Our program works again, but it is still largely redundant. For example, the labels that I introduced with a greater degree to demonstrate the capabilities of the sed language and which unexpectedly added detective pepper, are superfluous here. They would make sense if in the line we had several commands separated by a semicolon and the label would allow to bypass one of the commands or blocks of commands. We'll have to roll back so hard mastered the bells and whistles. In fact, the editor is already waiting for the input of the next line and begins work on its input from the very beginning where we had the label. Without any damage, I can rewrite the line like this:

 sed -r 's/([0-9]+)([-+%/*])([0-9]+)/echo $((\1 \2 \3))/e' -

Or even like this:

 sed -r 's/([0-9]+)([-+%/*])([0-9]+)/echo $((\1 \2 \3))/e'

This main cycle that we modeled earlier in the manual mode is already built into the program of the editor and we will use it in the future. Let's go back to the functional. If we recall the work of this calculator, then we will find an additional buffer for storing intermediate results. What about sed? It turns out that there is also an additional buffer and several commands for working with it. All that we did before this, it worked with the main buffer into which the string is loaded and actions are performed on it. We will activate an additional buffer for storing the result of calculations, as well as add a functional, when subsequent operations with an intermediate result of the calculation could be performed simply by typing the sign of the arithmetic operation and the second operand in the line. And we will also work with negative numbers. Also, we will not cut the functionality of the bash itself and add a little entropy to the algorithm of the “Not boring” calculator, embed the construction of the number in the power. Let me remind you that in the bash the exponentiation looks like NUMBER ** DEGREE. The sign is clear, a double asterisk is taken into account. At the same time we will immediately carry out all the optimization available to my understanding.

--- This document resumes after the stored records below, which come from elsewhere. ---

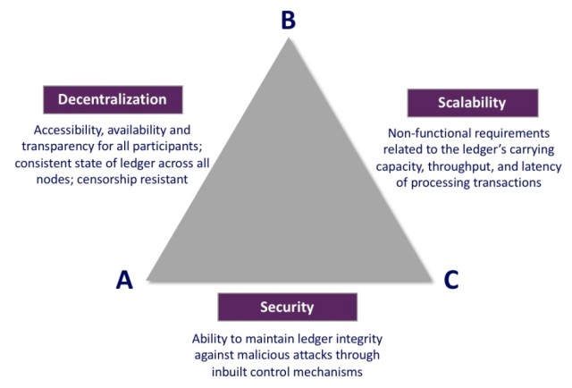 Bitcoin invece raggiunge le prime due ma non è scalabile, in quanto il protocollo non prevede la possibilità di aumentare il numero di operazioni al secondo (limitate dallo spazio concesso per inserire dentro ogni blocco).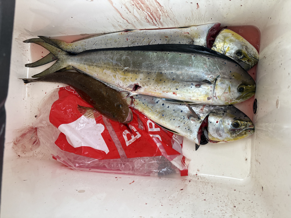 Three headless mahi-mahi fish lie in a white cooler, along with a brown fish with a mottled pattern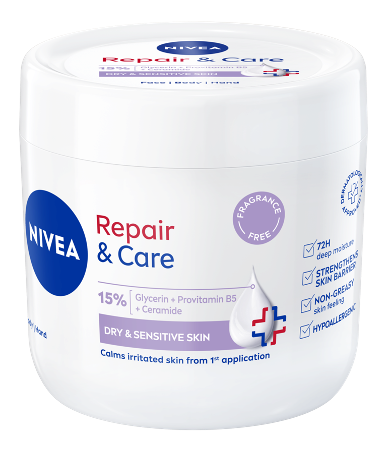 NIVEA Repair & Care univerzalna krema bez mirisa nežno umiruje suvu i osetljivu kožu. Njena hipoalergena formulacija, obogaćena sa 15 % glicerina, provitaminom B5 i ceramidima, pruža intenzivnu negu i umiruje iritiranu kožu već nakon prve upotrebe. Sigurna je i pogodna i za decu stariju od 3 godine.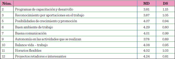 En el caso de los factores no monetarios, se puede observar que los trabajadores le otorgaron mayor importancia al buen ambiente de trabajo (MD = 4.29 DS = 0.80) (Tabla 7).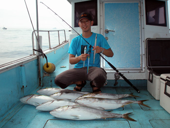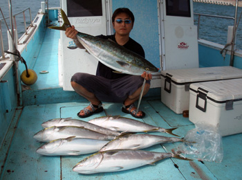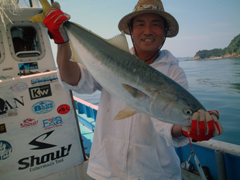 いつもありがとうございます。大変遠い所、茨城から7名でご同行頂きました。この日は半日だけの釣りでしたが、4.5〜6キロまでのハマチが12本キャッチ。バラシも多少ありましたがアスナロUで良くアタリました!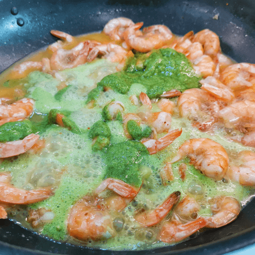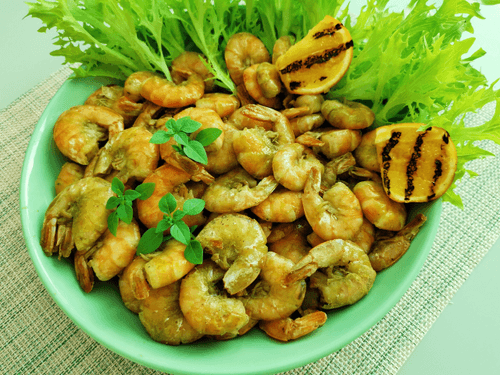 Жареные креветки в базиликовом соусе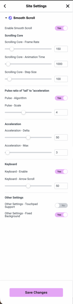 The Smooth Scroll feature enhances the scrolling experience on a website by providing fluid and controlled motion effects, reducing abrupt jumps while navigating through content. It can be configured in both Global Style (Site Settings) and Page Settings.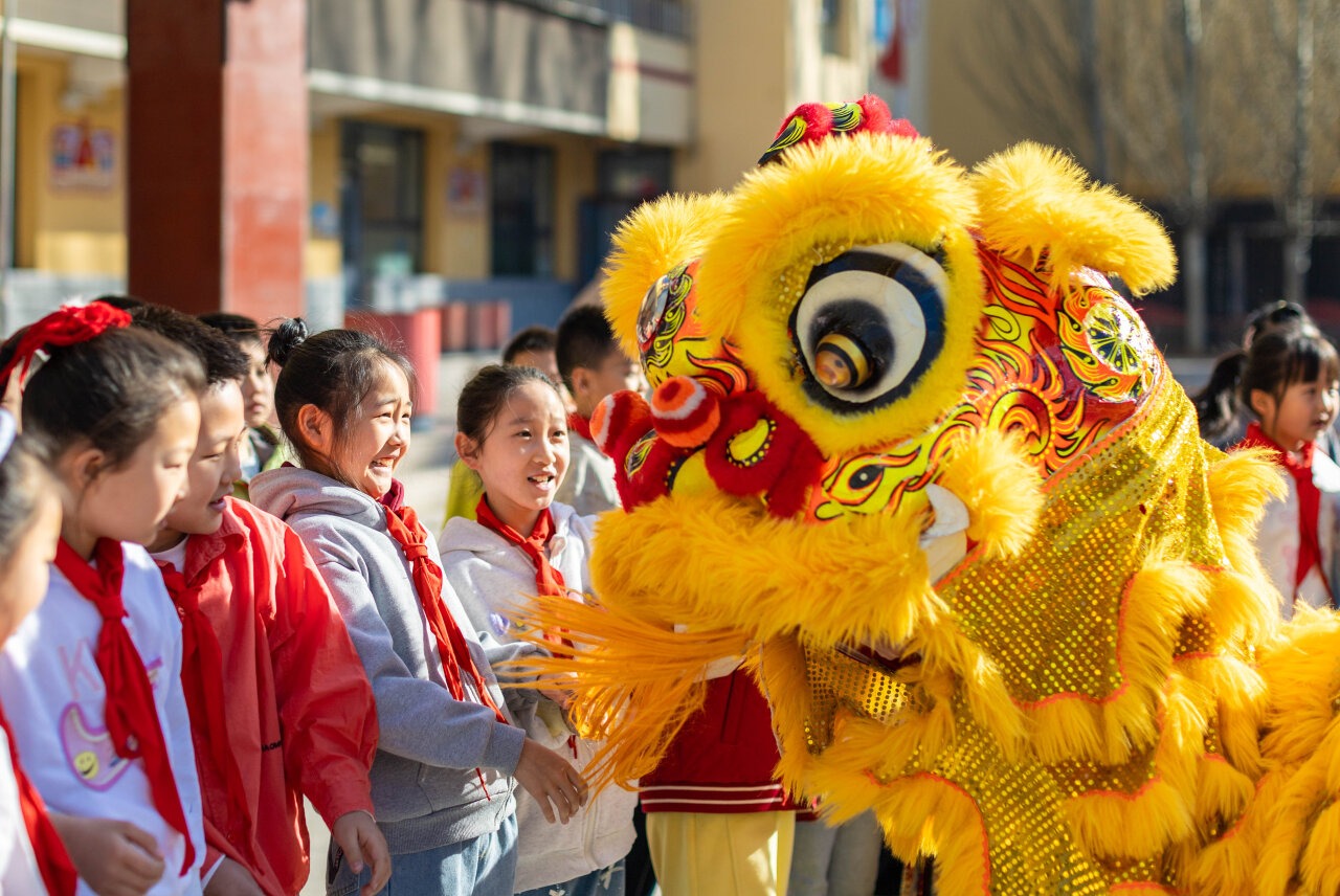 4月2日,内蒙古呼和浩特市玉泉区清泉街小学清明节主题活动现场,参与舞狮表演的学生与同学们互动。

Although at first I poked my nose like a blind kitten looking for development for the code, in conclusion, he still acquired the following form.

 sed -r '/^[-+/%*]\*?-?[0-9]+$/{x;G;s/\n//}; s/.*/echo $((&))/e;h'

I considered it unnecessary wastefulness to define a full-fledged template, which in fact does not do anything except as it provides with the help of such a design the ability to enter a shell command and reduced the template to a minimum of /.*/ , which essentially coincides with any string. I considered this to be acceptable and even imagined that I was insured for a million bucks from mistakes when entering. If you are not so sure of yourself as I can insert such a pattern s / ^ -? [0-9] + [- +% / *] \ *? -? [0-9] + $ / . I advise everyone else, blondes like me, not to bother, because even if there is an input error, the additional buffer is updated with the loss of intermediate results and this cycle is called very simply - “start over”. At the same time, restarting the program is completely unnecessary, just start entering the correct data.

Well, let's look at what we wrote in the last line of the code and start with the algorithm of the program. After launching the editor, it is in input standby mode. The first line we enter consists of two operands and an arithmetic sign in the middle. At the very beginning of the program code there is a template that “does not notice” all operations consisting of two operands, which means that this filter will skip our first line and the action will immediately go to the already familiar command of the calling shell utility to get the final result.

In this part of the program, I not only simplified the pattern, but also simplified the formula for recording operands. Now we insert the operands not individually, but in a single line, one data block denoted as & . Ampersand, a synonym for this character denoting the entire string, is \ 0 . In this block of code ending with a semicolon, we change the values of the main buffer to the calculated value by the shell command. After the semicolon we have the command " h " which copies everything that is in the main buffer to the additional buffer. After that, the program displays the contents of the main buffer and goes to the beginning of the loop, waiting for the new line to be entered.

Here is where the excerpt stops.